Of the entries below, return exactly those lines that fall between the one containing "O Gerador de" and the one containing "центральной части капюшона", the two end lines included.

(DATA UNDER STUDY)
>>>
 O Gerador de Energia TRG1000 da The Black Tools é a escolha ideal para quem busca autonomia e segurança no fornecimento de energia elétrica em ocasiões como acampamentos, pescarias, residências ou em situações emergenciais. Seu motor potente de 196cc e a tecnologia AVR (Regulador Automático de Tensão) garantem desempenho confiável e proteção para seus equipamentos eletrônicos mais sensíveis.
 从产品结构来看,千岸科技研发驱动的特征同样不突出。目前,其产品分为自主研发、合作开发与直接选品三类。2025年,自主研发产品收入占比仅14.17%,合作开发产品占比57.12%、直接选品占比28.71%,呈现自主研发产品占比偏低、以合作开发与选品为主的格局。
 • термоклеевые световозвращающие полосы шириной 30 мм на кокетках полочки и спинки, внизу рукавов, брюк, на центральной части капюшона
<<<
>>>
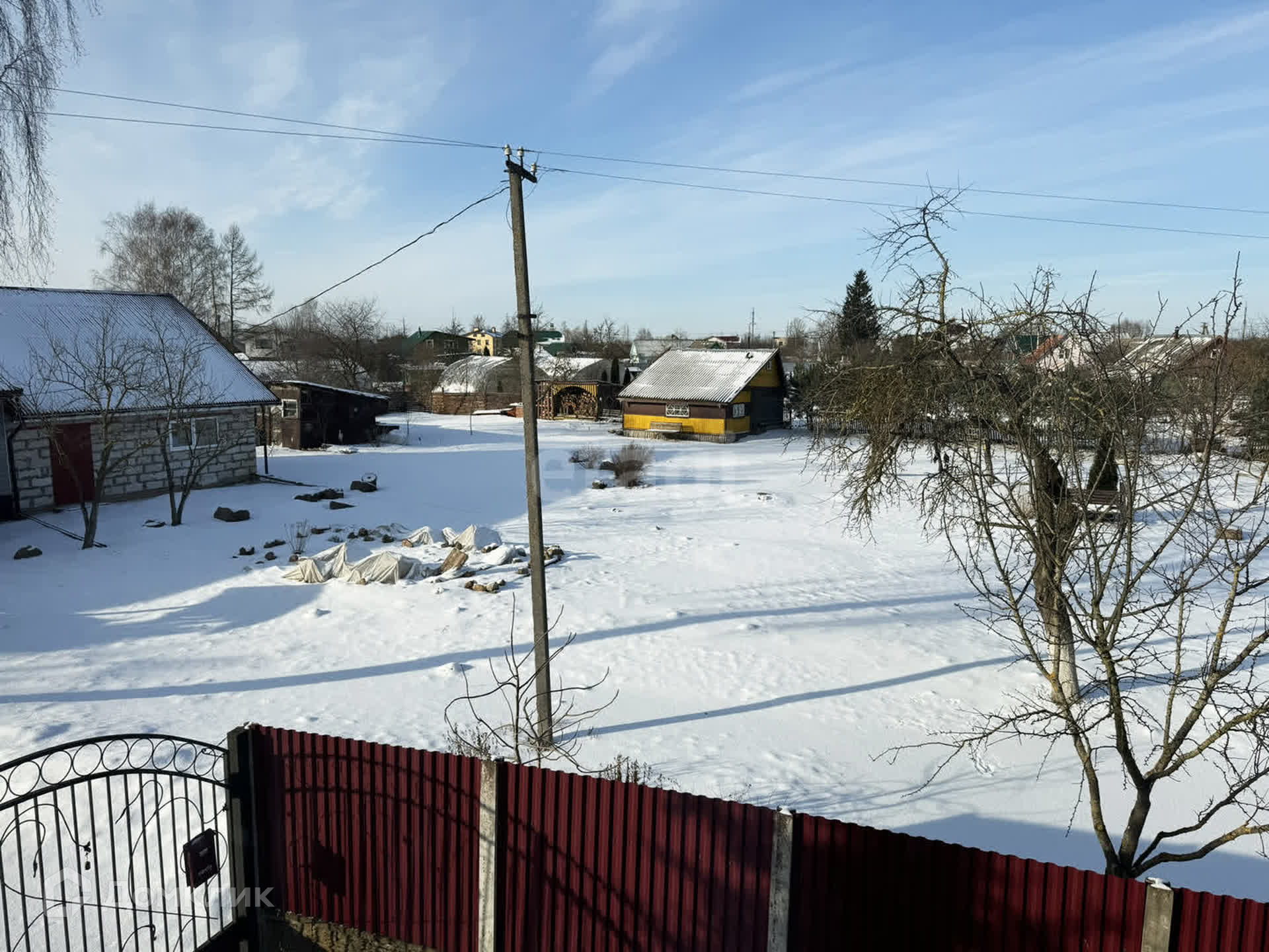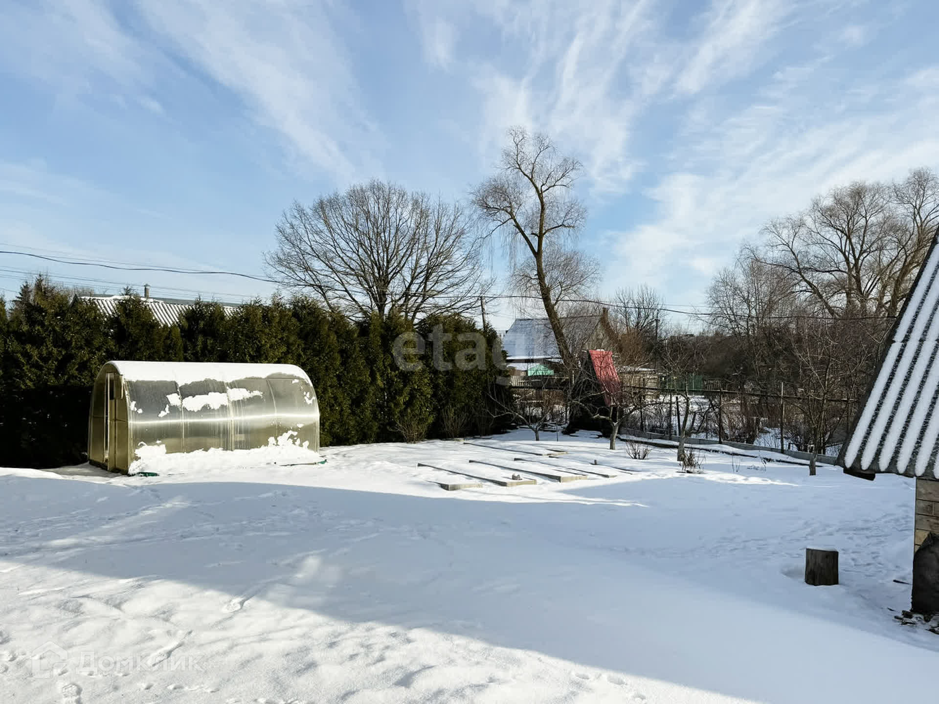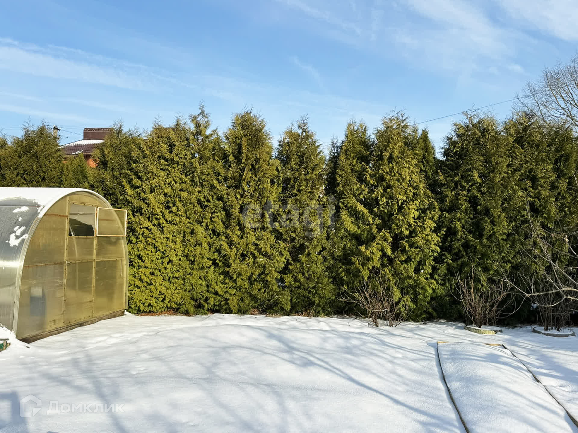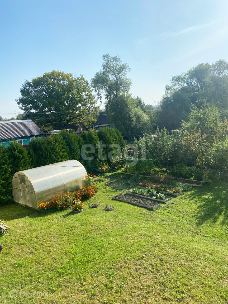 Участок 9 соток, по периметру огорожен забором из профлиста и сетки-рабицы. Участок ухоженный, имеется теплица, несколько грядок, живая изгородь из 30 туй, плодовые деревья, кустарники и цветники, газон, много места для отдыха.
<<<
>>>
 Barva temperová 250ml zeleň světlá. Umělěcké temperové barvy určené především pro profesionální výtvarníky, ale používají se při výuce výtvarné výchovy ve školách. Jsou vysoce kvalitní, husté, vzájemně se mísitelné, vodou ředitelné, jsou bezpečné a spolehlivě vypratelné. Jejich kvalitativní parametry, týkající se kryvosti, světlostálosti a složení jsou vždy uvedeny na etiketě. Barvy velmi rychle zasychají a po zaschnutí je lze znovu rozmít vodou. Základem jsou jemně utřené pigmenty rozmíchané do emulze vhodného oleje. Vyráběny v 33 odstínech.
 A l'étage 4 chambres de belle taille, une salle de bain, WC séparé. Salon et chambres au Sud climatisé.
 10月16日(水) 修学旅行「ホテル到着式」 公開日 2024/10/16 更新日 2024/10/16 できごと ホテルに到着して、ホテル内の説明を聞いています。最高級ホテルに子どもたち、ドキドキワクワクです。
<<<
(OUTPUT OF THE TASK)
 O Gerador de Energia TRG1000 da The Black Tools é a escolha ideal para quem busca autonomia e segurança no fornecimento de energia elétrica em ocasiões como acampamentos, pescarias, residências ou em situações emergenciais. Seu motor potente de 196cc e a tecnologia AVR (Regulador Automático de Tensão) garantem desempenho confiável e proteção para seus equipamentos eletrônicos mais sensíveis.
 从产品结构来看,千岸科技研发驱动的特征同样不突出。目前,其产品分为自主研发、合作开发与直接选品三类。2025年,自主研发产品收入占比仅14.17%,合作开发产品占比57.12%、直接选品占比28.71%,呈现自主研发产品占比偏低、以合作开发与选品为主的格局。
 • термоклеевые световозвращающие полосы шириной 30 мм на кокетках полочки и спинки, внизу рукавов, брюк, на центральной части капюшона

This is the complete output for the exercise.